Harry B. Rook and Russell M. Everett, both of Newark, N. J., for appellees.
Before BUFFINGTON, WOOLLEY, and DAVIS, Circuit Judges.
This appeal from a decree dismissing the bill turns on the narrow question of whether patent No. 1,281,690, granted October 15, 1918, to Stern, for a method of stopping leaks in automobile radiators and other receptacles, involves invention. If it does, the defendant is an imitation infringer.
Turning first to the disclosure of the patent, the specification states it is a method of stopping leaks in metal vessels, which "involves the employment of a leak-stopping ingredient which, with water, is adapted to form a colloidal solution." We pause here to say that a colloidal solution is one which does not settle in fluid, but remains in suspension. The patentee goes on to state:
Cans containing about a half pint of this solution are sold by plaintiff and defendant at $6 each, and small quantities thereof are poured in automobile radiators. When a leak occurs, the solution finds the leak and escapes through it, or, as stated in the specification:
"The colloidal solution of water and leak-stopping ingredients thus contained in the vessel will be circulated by any suitable means, such, for instance, as a pump associated therewith, so that the leak-stopping ingredients will be positively moved about and find lodgment at the leak opening, and when so disposed will in time be exposed to the air and become hard, and practically insoluble, and thus effectively close the opening."

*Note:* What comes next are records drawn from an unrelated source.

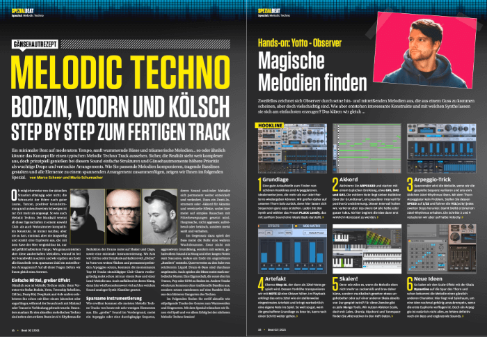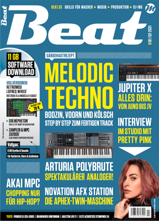 Ein minimaler Beat auf moderatem Tempo, sanft wummernde Bässe und träumerische Melodien... so oder ähnlich könnte das Konzept für einen typischen Melodic Techno Track aussehen. Sicher, die Realität sieht weit komplexer aus, doch prinzipiell genießen bei diesem Sound einfache Strukturen und Gänsehautmomente höhere Priorität als wuchtige Drops und vertrackte Arrangements. Wie Sie passende Melodien komponieren, tragende Basslines gestalten und alle Elemente zu einem spannenden Arrangement zusammenfügen, zeigen wir Ihnen in der aktuelle Beat. Gleich zugreifen!
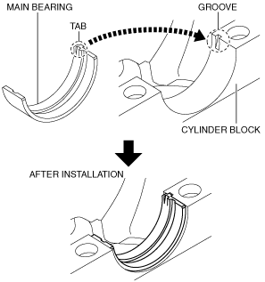 2. Align the positioning tab of the main bearing with the positioning groove of the lower and upper cylinder block, and assemble the bearings.
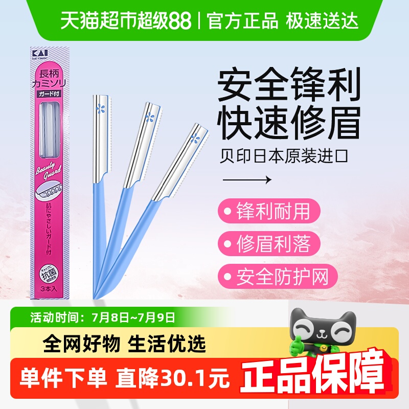 kai/贝印日本原装进口修眉刀刮眉刀初学者安全防刮伤修眉工具3把
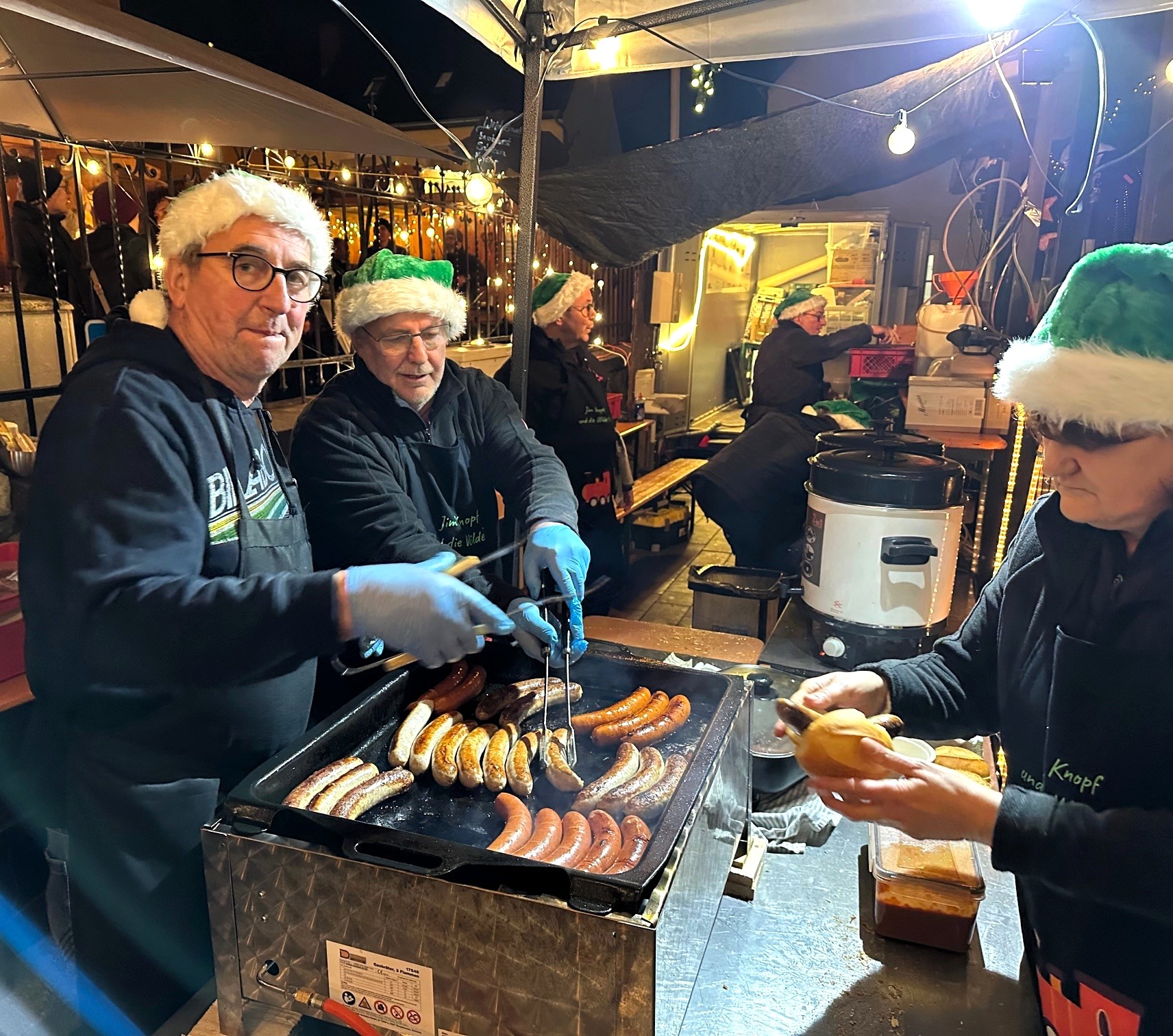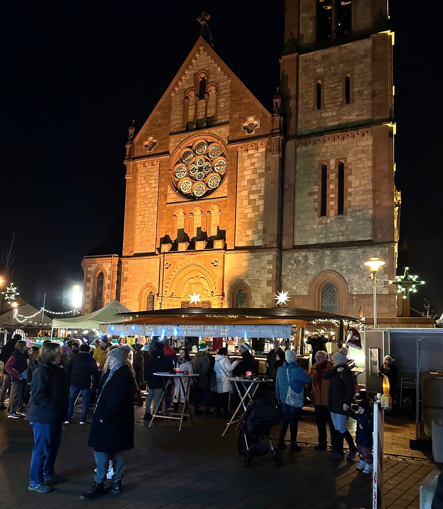 Nach der Einweihung herrschte Betrieb auf der kleinen Bummelzone zwischen dem Kirchplatz und dem Dinjerhof an der Pfarrgasse, wo der dortige Freundeskreis die organisatorischen Fäden zog. Mit den beiden Fixpunkten als Podium für Ausschank, Bewirtung (sehr vereinsverbunden: am Stand der TG Ober-Roden wurde mit grün-weißen Mützen gezapft und gegrillt), musikalischen Programmpunkten sowie dekorativer Vielfalt an den Ständen und im Forum St. Nazarius, wo auch in diesem Jahr der Kreativmarkt der Kolpingsfamilie seinen Platz hatte: So konnte der Adventsmarkt 2025 beim Publikum punkten.

That this solution was useful is proved by the public buying from both plaintiff and defendant at high price for small quantities. The proofs show it was used by the United States on all long-distance aeroplane flights since the NC-4 trans-Atlantic flight in 1919, including the McMillan Arctic expedition of 1925. We shall not quote the evidence bearing thereon, but restrict ourselves to saying that the results in metal leak stopping by this fluid solution present a case of an unusual kind, and we are satisfied the contribution of this patentee to the art was one so effective, unlooked for, and simple as to brand it unusual in character. Moreover, the disclosure was original and novel. Gambier had been used for years in the tanning art and in other ways; its qualities were known. Indeed, in connection with pulverized asbestos, a Chilean tree, glucose, and claret wine, gambier was made part of a mixture in patent No. 1,117,526, to Seely, for "coating the interior of inflatable tires to render them...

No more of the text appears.